The demand for power in Vietnam is growing fast—about 15 percent each year. Eight nuclear reactors will be built between now and 2030. The technology is Russian, but there has been little foreign investment in the electricity sector in Vietnam (although US power company AES has agreed to invest in a $1.6 billion, 1,200 megawatt plant).

One of the reasons cited by experts for the problems is price regulation. Prices are kept low by the government, something which has also stymied interest in the sector by foreign investors, so freeing up the sector will necessarily mean higher prices.

Nguyen Huong Giang runs a nail salon in a street with many other small beauty parlours and salons. She says she’s also been losing business because of the power cuts, but unlike Tuan reckons fair warning is rarely given, something which EVN could in theory be fined for.

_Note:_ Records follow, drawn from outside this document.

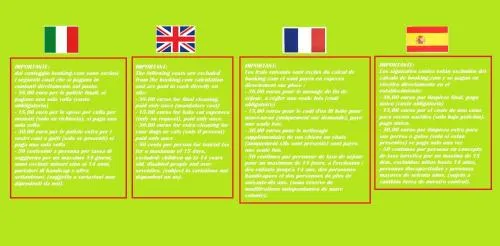 | Animali | Animali ammessi. Potrebbe essere richiesto un supplemento. |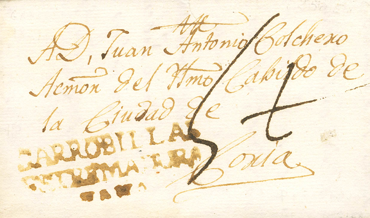 1829. GARROVILLAS (CACERES) a CORIA. Marca GARROBILLAS / ESTREMADURA / BAXA, en tinta de escribir (P.E.2) edición 2004. MAGNIFICA.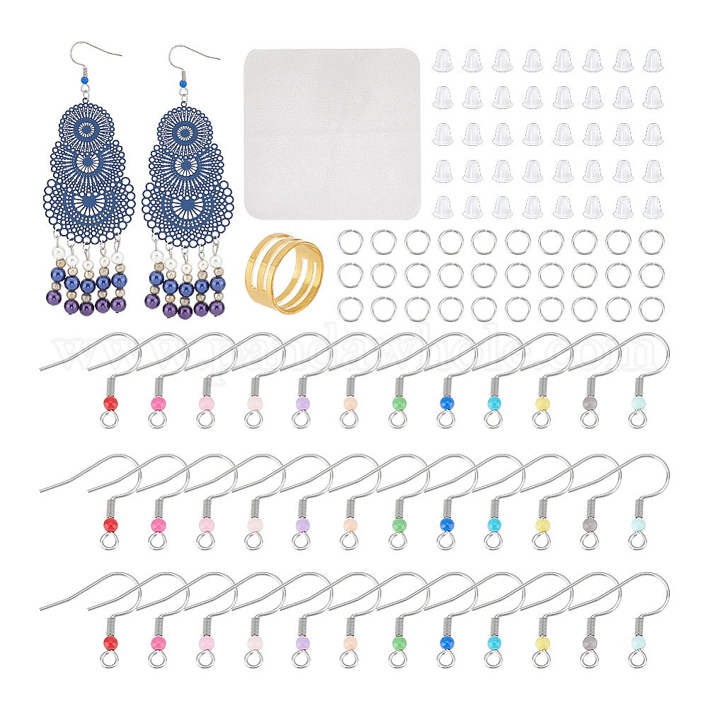Набор для изготовления ювелирных изделий своими руками, в том числе 304 крючки для серег и прыгуны из нержавеющей стали, ткань для чистки замшевого волокна, пластиковые гайки для ушей, медные кольца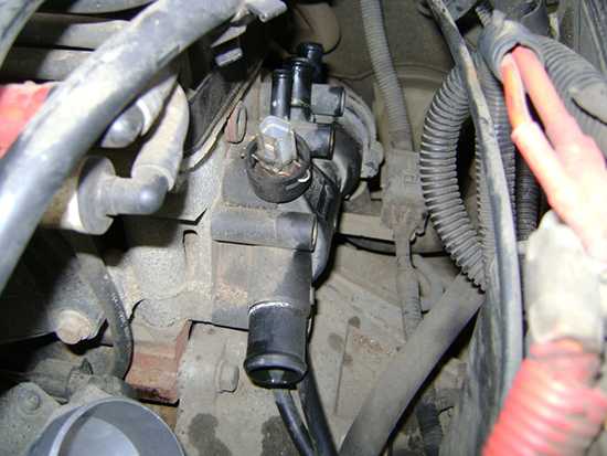 6. Выверните четыре болта крепления корпуса термостата к блоку цилиндров и снимите термостат.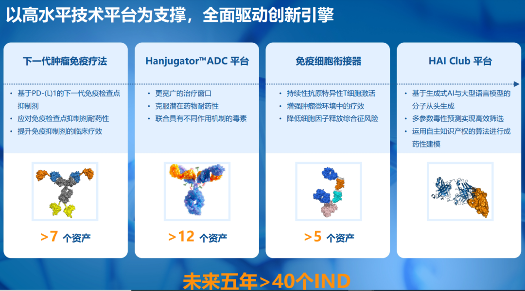 目前,从早期靶点筛选、验证,候选分子设计与优化,到系统性地临床前开发,公司已搭建起包括PD-(L)1为核心的免疫检查点抑制剂平台、免疫细胞衔接器平台(如多特异性TCE平台)、Hanjugator? ADC 平台、AI驱动的一站式早期研发平台HAI Club在内的多维创新平台矩阵,不仅保障了单个项目的研发质量与效率,更关键的是为打造具备全球竞争力的中长期创新管线提供了可持续的系统能力支撑,从而能够持续、高效地将前沿科学发现转化为具有临床价值的候选药物。未来五年内,公司预计将有超过40项新的临床研究申请获批。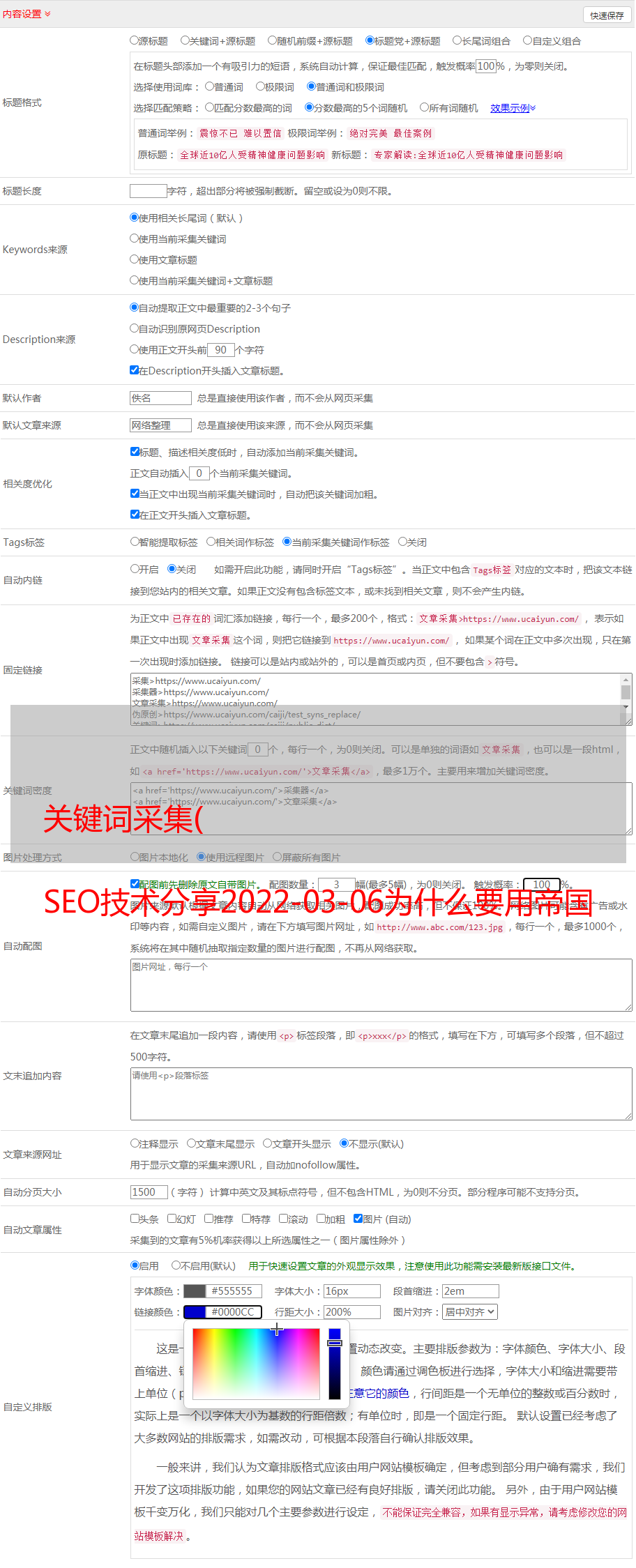 5、强大的SEO功能(自动图片放置/插入内外链接/标题和文章前后插入内容/标题关键词与内容一致关键词/随机插入图片/随机属性添加页面原创度)

‘The price is increasing but the power cuts are continuing,’ she says, ‘the price has been increasing more and more (in recent years).’ A steep increase in price would be widely unpopular with the public, who already worry about inflation. However higher prices may be accepted as a necessary evil if the lumbering state owned enterprise shapes up.

‘I think there are limitations in management,’ says Giang, voicing an opinion many people have of their government-run enterprises.   

The Chairman of EVN, Dao Van Hung, expressed frustration to local media last month, noting that low prices meant the company was unable to ensure profitability, and thus earn the foreign investment it wants.

The company has lost more than 4.7 trillion VND buying power to meet demand. Hung also pointed out that EVN shouldn’t be singled out as it only held a monopoly on distribution and purchase of power; PetroVietnam and coal company Vinacomin also produce power. Renewable sources of energy have been discussed but funding remains an issue.

That the power cuts are affecting business and are also becoming politically sensitive is obvious.

According to reports, tourists have been getting stuck in hotel elevators during unannounced blackouts and companies are spending large amounts of money to keep their generators running. People have begun cancelling tours and hotel stays.

Earlier, farmers forced government officials to sit in 40 degree sun in north central Thanh Hoa Province, urging them to explain why they had had to endure so many power outages.  

The government has told state media that production increased by 17 percent this year, but it’s still not enough to cover what is needed. Government assurances that it has told Electricity of Vietnam to improve and increase its purchases of electricity have been met with much cynicism.

‘When the government is spending money to buy power from foreign countries like China we don’t know where the power is going,’ Giang says.